Prototypal Object Orientation

Class-based object orientation is the most used approach to object orientation. JavaScript is the only mainstream language that has prototypes. I don’t want to say which one is better, just that I feel more confortable with classes. JavaScript prototypes can emulate class systems. In fact, there are many libraries for that.

Modules and Var declaration

JavaScript has no formal construct for namespaces. Module pattern (passing the namespace as an argument to an anonymous self-invoking function) is really helpful. Lexical scope and closures are nice, which allows the module pattern, but something as important as namespaces must be part of the language, don’t you think?

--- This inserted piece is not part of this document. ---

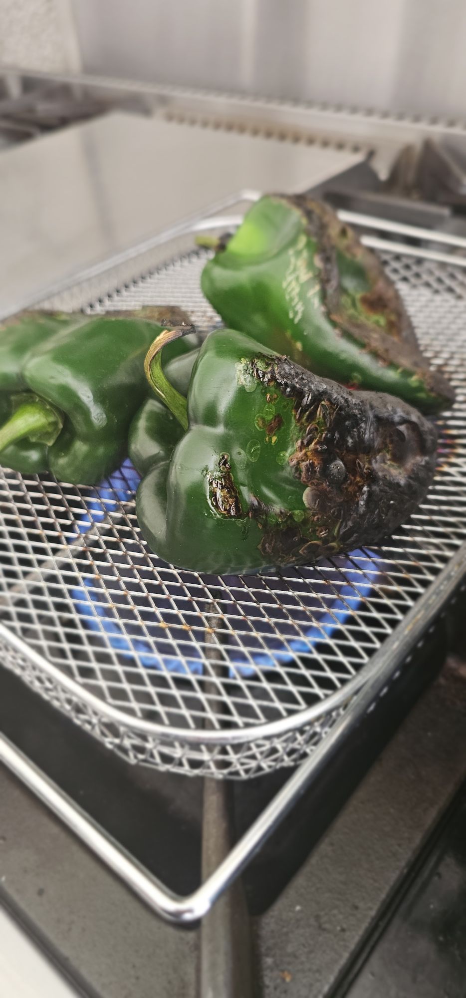 - Char the skins: Using tongs, place poblanos on the rack directly above the flame. Let one side blister and blacken (about 1–2 minutes), then rotate with tongs to char the other sides evenly. Continue until the peppers are blackened all over — the flesh underneath will remain intact.

Another weird behaviour is related to the var keyword. If you declare a variable with var, it will belong to the local scope. If you don’t, its scope will be global with overwritting problems and performance penalty (the interpreter will look up the scope chain to find the global variable).

Syntax

Event driven code is really common in JavaScript. Usually, if you don’t use promises or some stuffs like Flow-Based Programming (FBP), you define a callback that is passed as argument to a function that binds that function to an event, like DOM events in the browser or EventEmitter events in Nodejs. So, when you have a callback that binds another callback to another event that binds another callback to… and enclosed by the module pattern, you will see something like this:

(function()
{
    $("#my-button1").on("click", function(msg1)
    {
        alert(msg1);
        $("#my-button2").on("click", function(msg2)
        {
            alert(msg2);
            $("#my-button3").on("click", function(msg3)
            {
                alert(msg3);
            });
        });
    });
}).call(this);

I prefer indentation over braces and parenthesis, so the above code looks pretty ugly for me.

Dynamic typing and late binding

Delaying type-checking to runtime is nice for fast-prototyping and data intensive applications (generating types and behaviours based on runtime data). Not so many years ago, JavaScript was used as a toy language to add some animations, form validations and simple stuffs. AJAX changed it all. JavaScript has been growing up since then and nowadays it is used in bigger apps (databases, game engines, communications apps, multimedia apps..) that may have a high cyclomatic complexity. Since JavaScript just checks types and binds names in runtime, a stupid unnoticed error misnaming a variable or a method could slap your face in the worst moment (demo effect).

Static typing is not the holy grail, but it is safer. Haskell guys, as @EleDiaz , know that if Haskell code compiles, it is almost certain that it will work as expected.

And some web applications need performance. Doing some tasks in the compilation time (AOT), can give us, for example, a higher FPS value in our game.

Weak typing

Coercion plus dynamic typing results on a debugging hell. Many JavaScript programmers, I guess, have noticed that debugging JavaScript code is not easy. Many errors are hidden by implicit conversions. It might speed up development (in my opinion, it’s just true in the case of small apps; bigger applications require safety), but it slows down debugging by a higher factor.

Surprise behaviour

JavaScript is a joker. Let’s see:

var a = (7, 5); // -> a = 5
typeof({} + []) // -> "string"
typeof([] + {}) // -> "number"

"1" >= -Infinity // true
"A" >= -Infinity // false
"A" < -Infinity  // false

Despite of the fact that ES 6 has some new proposals to minify or solve these and other problems, there is another path to avoid them: use another programming language that targets JavaScript.

There are some new languages that try to hide the bad parts adding a syntax sugar layer keeping the JavaScript semantics. Other languages have a completely new syntax and semantics. And there is another option, compilers for old languages that generate JavaScript code.